DIRECTIONS:
Set down every line from the one with "В том случае, когда" to the end of the entries, both ends included, exactly as it reads and without pictures.

*****

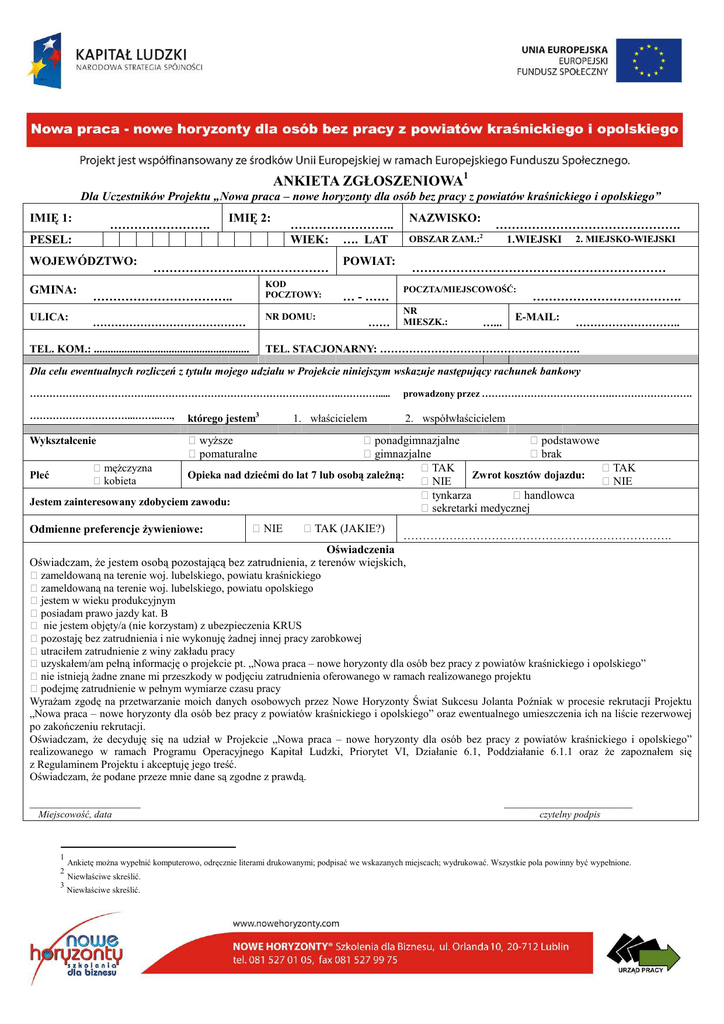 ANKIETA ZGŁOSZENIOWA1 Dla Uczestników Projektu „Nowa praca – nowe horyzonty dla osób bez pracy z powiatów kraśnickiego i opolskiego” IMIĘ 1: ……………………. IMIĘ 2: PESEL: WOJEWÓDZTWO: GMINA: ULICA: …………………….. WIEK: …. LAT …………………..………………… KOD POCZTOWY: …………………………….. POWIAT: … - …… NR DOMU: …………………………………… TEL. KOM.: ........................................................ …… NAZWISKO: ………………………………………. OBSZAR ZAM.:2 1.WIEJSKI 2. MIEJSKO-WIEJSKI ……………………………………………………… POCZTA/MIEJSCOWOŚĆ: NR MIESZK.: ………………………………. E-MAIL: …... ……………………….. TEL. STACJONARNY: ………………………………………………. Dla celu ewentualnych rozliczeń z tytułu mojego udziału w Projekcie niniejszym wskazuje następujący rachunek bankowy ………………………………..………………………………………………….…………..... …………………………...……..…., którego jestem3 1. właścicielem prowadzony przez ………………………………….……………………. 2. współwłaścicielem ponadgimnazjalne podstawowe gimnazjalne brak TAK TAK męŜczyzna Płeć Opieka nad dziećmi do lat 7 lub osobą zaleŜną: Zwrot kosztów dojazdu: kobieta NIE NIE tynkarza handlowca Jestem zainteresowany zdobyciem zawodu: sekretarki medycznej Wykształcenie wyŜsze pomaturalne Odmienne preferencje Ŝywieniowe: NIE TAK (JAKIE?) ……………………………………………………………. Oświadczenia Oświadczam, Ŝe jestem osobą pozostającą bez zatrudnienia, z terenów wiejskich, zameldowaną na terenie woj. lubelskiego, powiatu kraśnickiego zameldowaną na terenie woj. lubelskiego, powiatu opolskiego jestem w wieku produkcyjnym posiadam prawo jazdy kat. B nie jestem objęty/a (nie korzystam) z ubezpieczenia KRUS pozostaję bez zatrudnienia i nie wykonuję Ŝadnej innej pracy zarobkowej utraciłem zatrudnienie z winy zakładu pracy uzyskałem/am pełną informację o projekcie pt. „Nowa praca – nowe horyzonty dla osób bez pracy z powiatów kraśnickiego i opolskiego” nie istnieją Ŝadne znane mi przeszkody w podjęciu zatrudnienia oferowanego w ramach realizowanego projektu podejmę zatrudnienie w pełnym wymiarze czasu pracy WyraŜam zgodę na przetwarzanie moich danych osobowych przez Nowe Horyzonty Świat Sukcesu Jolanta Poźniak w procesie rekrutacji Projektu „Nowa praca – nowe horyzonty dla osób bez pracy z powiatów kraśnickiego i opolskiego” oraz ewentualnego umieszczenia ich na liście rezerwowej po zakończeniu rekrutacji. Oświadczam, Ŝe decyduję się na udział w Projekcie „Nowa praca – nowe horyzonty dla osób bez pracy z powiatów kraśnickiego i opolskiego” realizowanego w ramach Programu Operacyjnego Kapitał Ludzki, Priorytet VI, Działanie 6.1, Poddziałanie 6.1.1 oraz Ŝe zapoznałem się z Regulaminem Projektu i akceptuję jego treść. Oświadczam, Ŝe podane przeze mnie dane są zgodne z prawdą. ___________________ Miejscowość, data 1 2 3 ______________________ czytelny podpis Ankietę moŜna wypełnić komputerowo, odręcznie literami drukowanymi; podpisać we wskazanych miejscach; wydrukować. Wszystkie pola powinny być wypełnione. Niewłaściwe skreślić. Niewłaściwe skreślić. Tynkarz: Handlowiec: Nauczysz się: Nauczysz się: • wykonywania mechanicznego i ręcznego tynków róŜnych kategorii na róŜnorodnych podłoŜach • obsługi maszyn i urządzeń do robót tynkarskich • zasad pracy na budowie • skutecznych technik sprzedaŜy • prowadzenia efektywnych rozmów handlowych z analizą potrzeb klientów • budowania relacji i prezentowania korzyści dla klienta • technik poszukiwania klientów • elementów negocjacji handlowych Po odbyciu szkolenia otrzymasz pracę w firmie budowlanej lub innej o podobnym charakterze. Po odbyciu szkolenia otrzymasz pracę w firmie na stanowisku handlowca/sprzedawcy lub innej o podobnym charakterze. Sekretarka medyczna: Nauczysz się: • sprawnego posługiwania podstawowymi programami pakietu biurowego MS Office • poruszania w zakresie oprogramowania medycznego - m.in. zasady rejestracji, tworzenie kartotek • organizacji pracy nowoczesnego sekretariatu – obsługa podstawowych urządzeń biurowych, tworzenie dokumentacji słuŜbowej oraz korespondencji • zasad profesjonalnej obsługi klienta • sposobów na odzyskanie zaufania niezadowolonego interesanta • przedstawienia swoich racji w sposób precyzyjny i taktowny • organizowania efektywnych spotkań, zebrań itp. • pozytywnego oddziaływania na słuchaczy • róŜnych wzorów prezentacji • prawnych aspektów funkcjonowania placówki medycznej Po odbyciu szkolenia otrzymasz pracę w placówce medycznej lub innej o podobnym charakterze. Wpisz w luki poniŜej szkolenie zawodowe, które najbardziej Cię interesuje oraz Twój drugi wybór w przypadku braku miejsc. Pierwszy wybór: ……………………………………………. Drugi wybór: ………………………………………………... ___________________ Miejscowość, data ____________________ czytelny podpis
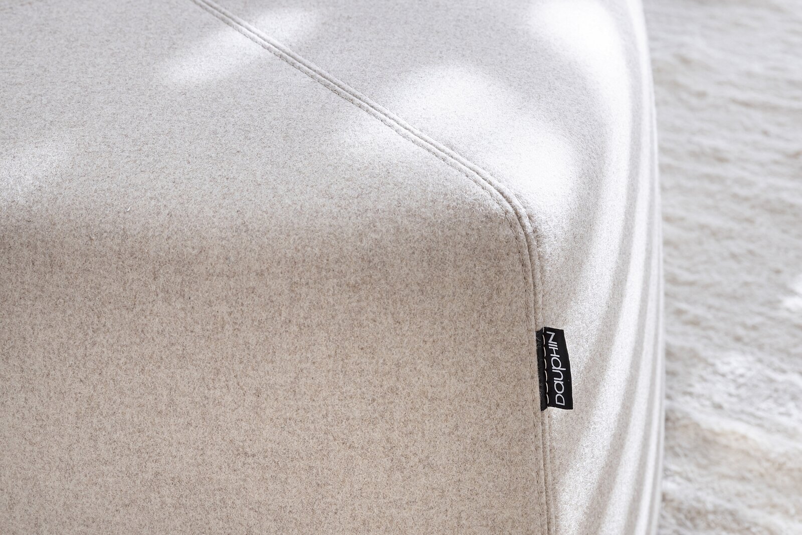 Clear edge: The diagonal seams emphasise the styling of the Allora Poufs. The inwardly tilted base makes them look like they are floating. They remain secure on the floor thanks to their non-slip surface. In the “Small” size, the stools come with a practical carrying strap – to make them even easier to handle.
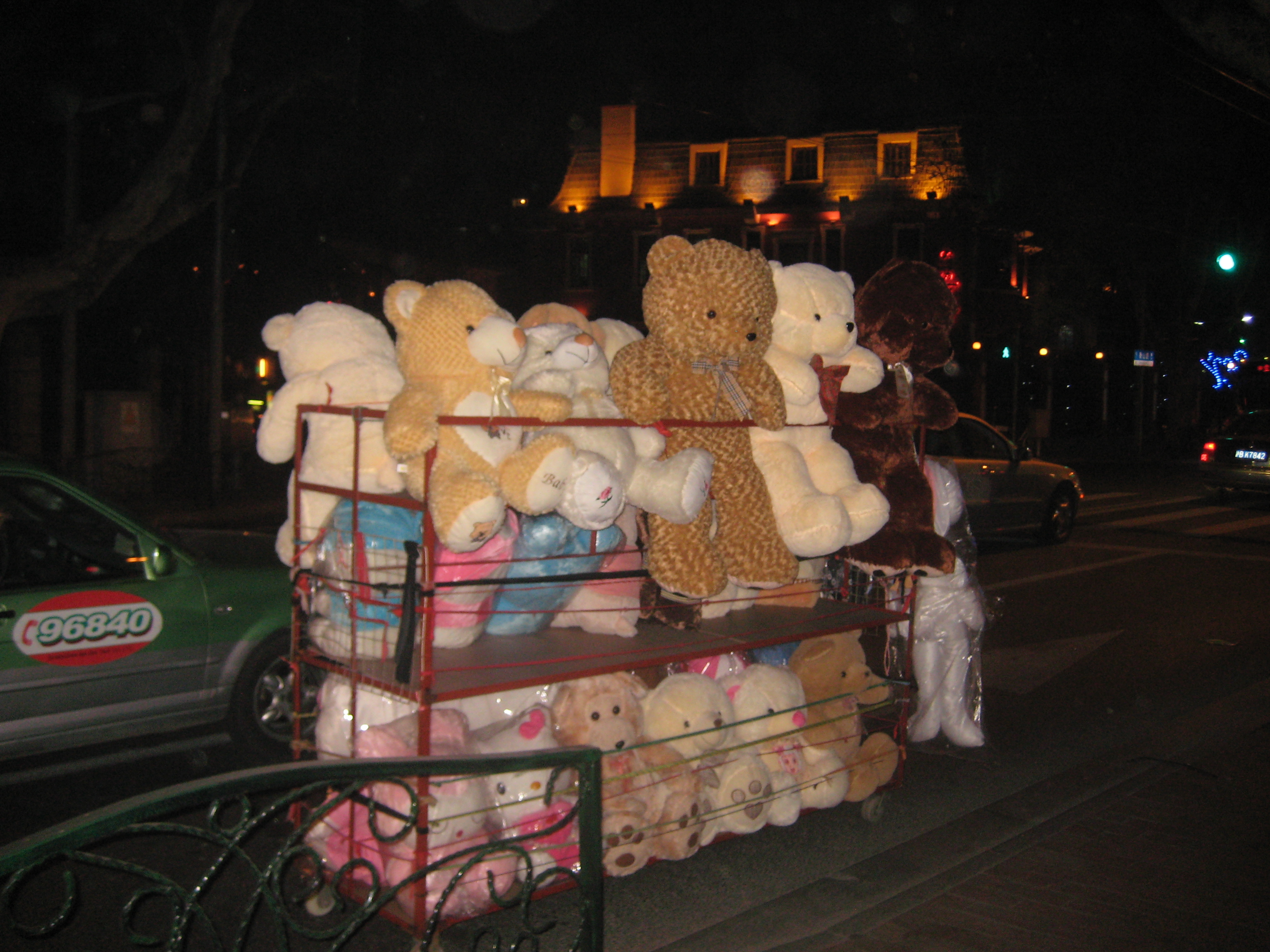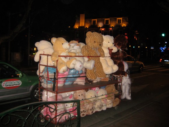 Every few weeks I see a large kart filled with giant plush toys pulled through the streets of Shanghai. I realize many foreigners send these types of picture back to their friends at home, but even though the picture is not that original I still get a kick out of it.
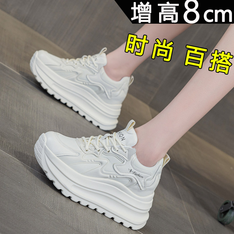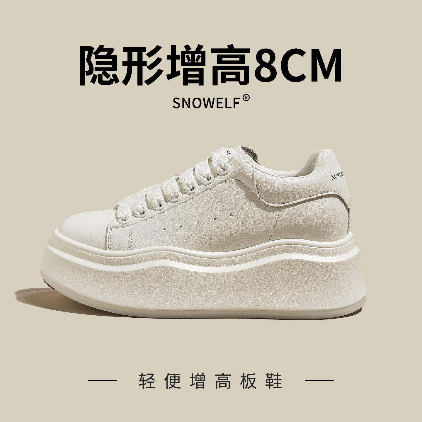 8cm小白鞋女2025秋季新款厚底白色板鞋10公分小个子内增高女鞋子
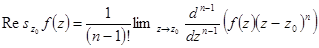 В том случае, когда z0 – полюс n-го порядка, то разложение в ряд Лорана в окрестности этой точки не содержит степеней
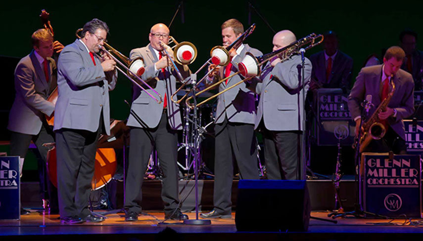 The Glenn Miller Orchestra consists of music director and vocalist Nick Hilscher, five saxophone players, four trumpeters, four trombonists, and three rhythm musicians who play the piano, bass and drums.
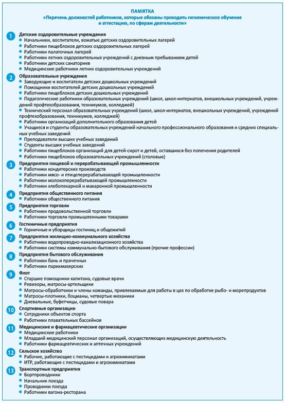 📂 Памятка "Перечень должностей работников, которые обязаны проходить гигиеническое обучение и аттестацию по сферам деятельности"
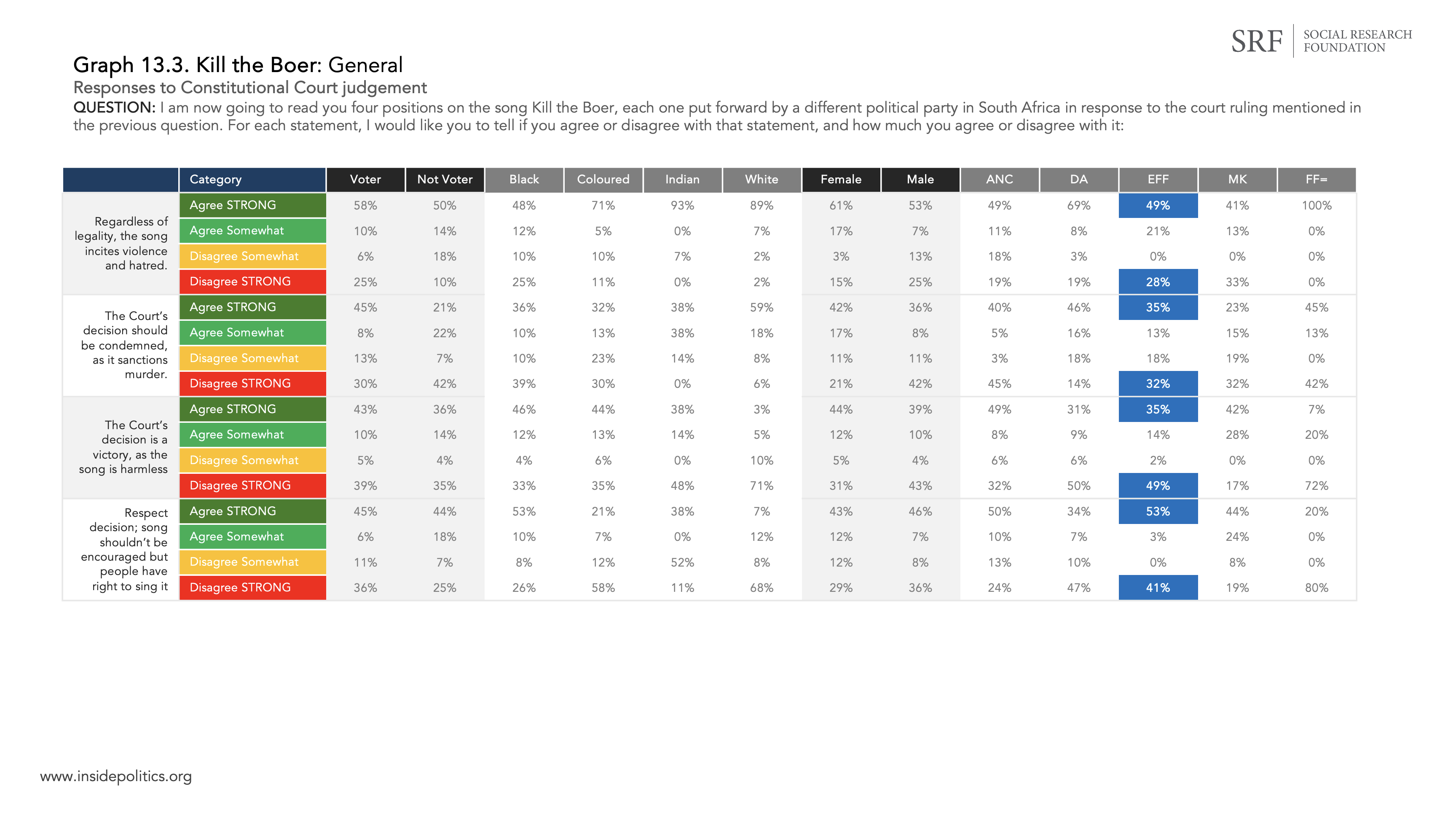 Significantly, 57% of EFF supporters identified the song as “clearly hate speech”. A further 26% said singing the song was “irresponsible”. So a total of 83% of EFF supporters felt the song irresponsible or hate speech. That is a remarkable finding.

*****

ANSWER FOR THIS EXERCISE:
 В том случае, когда z0 – полюс n-го порядка, то разложение в ряд Лорана в окрестности этой точки не содержит степеней
 The Glenn Miller Orchestra consists of music director and vocalist Nick Hilscher, five saxophone players, four trumpeters, four trombonists, and three rhythm musicians who play the piano, bass and drums.
 📂 Памятка "Перечень должностей работников, которые обязаны проходить гигиеническое обучение и аттестацию по сферам деятельности"
 Significantly, 57% of EFF supporters identified the song as “clearly hate speech”. A further 26% said singing the song was “irresponsible”. So a total of 83% of EFF supporters felt the song irresponsible or hate speech. That is a remarkable finding.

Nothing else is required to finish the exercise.